Why Richard Branson Literally Cut Off A Tie One Of His Audience Members Wore

It’s not often that a multi-billionaire celebrity businessman is giving a talk to a packed audience, and it ends with him snipping off a part of their clothing. But when the man is Richard Branson, the flamboyant Virgin-boss it makes complete sense.

Branson, who has long been a proponent of casual work culture, liberal benefits, and above a strict believer in “no dress codes”, was at the launch of his documentary ‘Don’t look down’. At the end of the session, during the Q&A session, an audience member and the only one in a suit and tie as Branson noticed got up to ask him a question. The question was “Can you help me bring joy to my workplace and make the culture more relaxed.” Branson seized the moment and the question-asker’s tie and in a most symbolic gesture, snipped it off to signal end of a dress code.

richard branson cuts ties

“I have always thought that ties are only inflicted on people because their bosses had them inflicted upon them and they want to make the next generation suffer. My idea is that everyone would be far more comfortable, and therefore productive, without their ties. So cutting off every one I come across is turning my idea into reality!”, Branson said on a self-authored blog on the Virgin website.

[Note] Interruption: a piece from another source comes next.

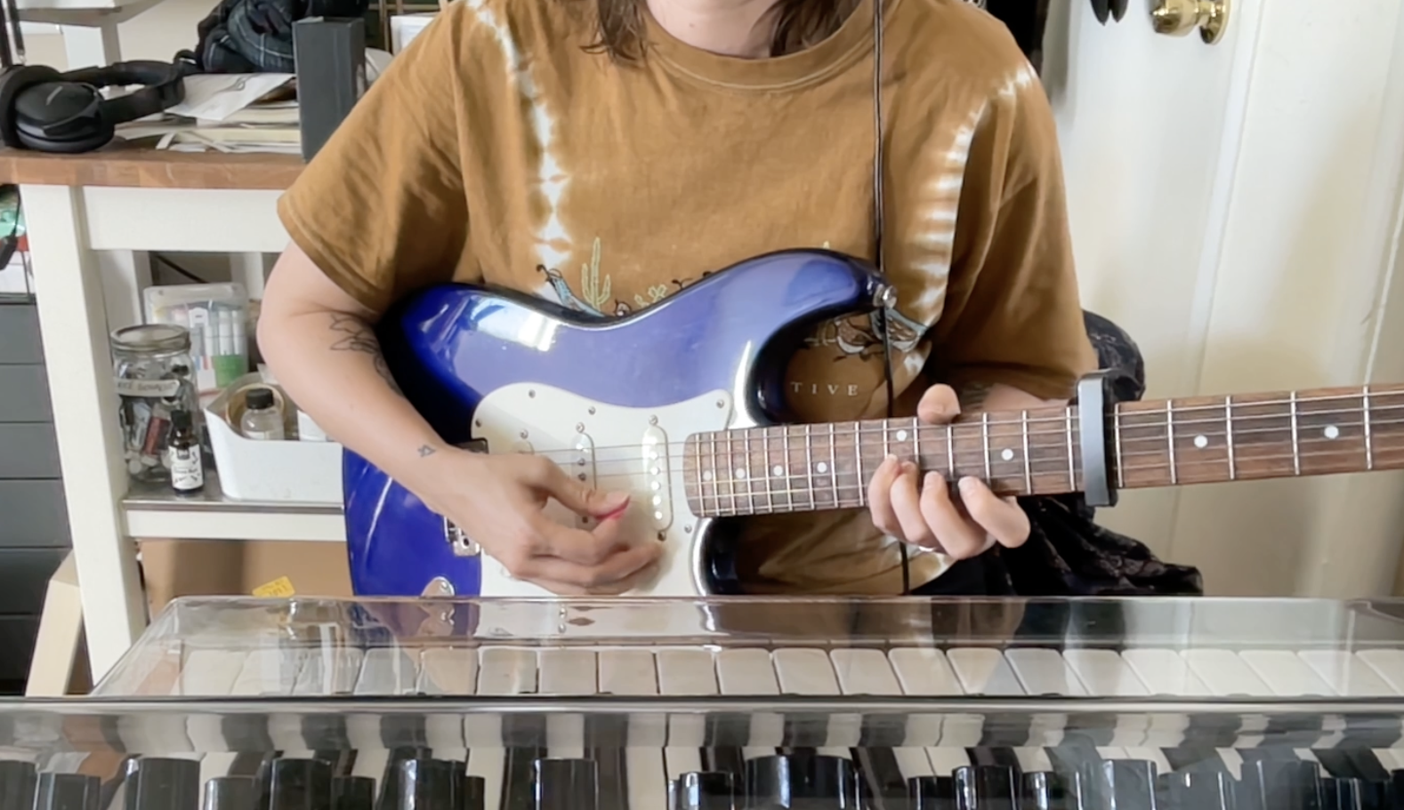 energy level: 4 / 5 left my own studio space to start working on collaborating with, and playing alongside other musicians. What was supposed to be a clothes mending brunch turned into a jam session with friends. Playing music as a collaborative effort is truly liberating and joyful.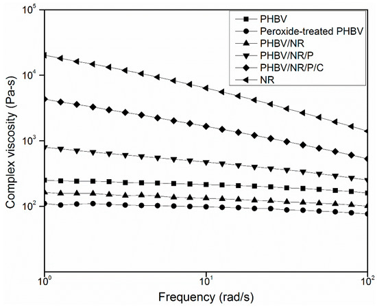 Complex viscosities of pristine PHBV, pristine NR, and PHBV/NR blends at 175 °C.

Branson is no stranger to cutting ties on occasion so he admittedly carries a pair of scissors on him in his front pocket all the time.  

While the gravity of wearing a suit and a tie may be lost on the startup and tech junta, for thousands of people working in finance or high-authority posts, the stress is real.

“It may only be a small gesture, and a bit of fun, but it always raises a smile and a laugh (we could all do with as many of those as possible). We even have an ever-growing collection of cut-off ties on the wall at Virgin Hotels Chicago. I do genuinely believe it helps people to relax and, in turn, perform better.”, Branson added about the tie-cutting gesture.

Branson isn’t the coolest boss for nothing.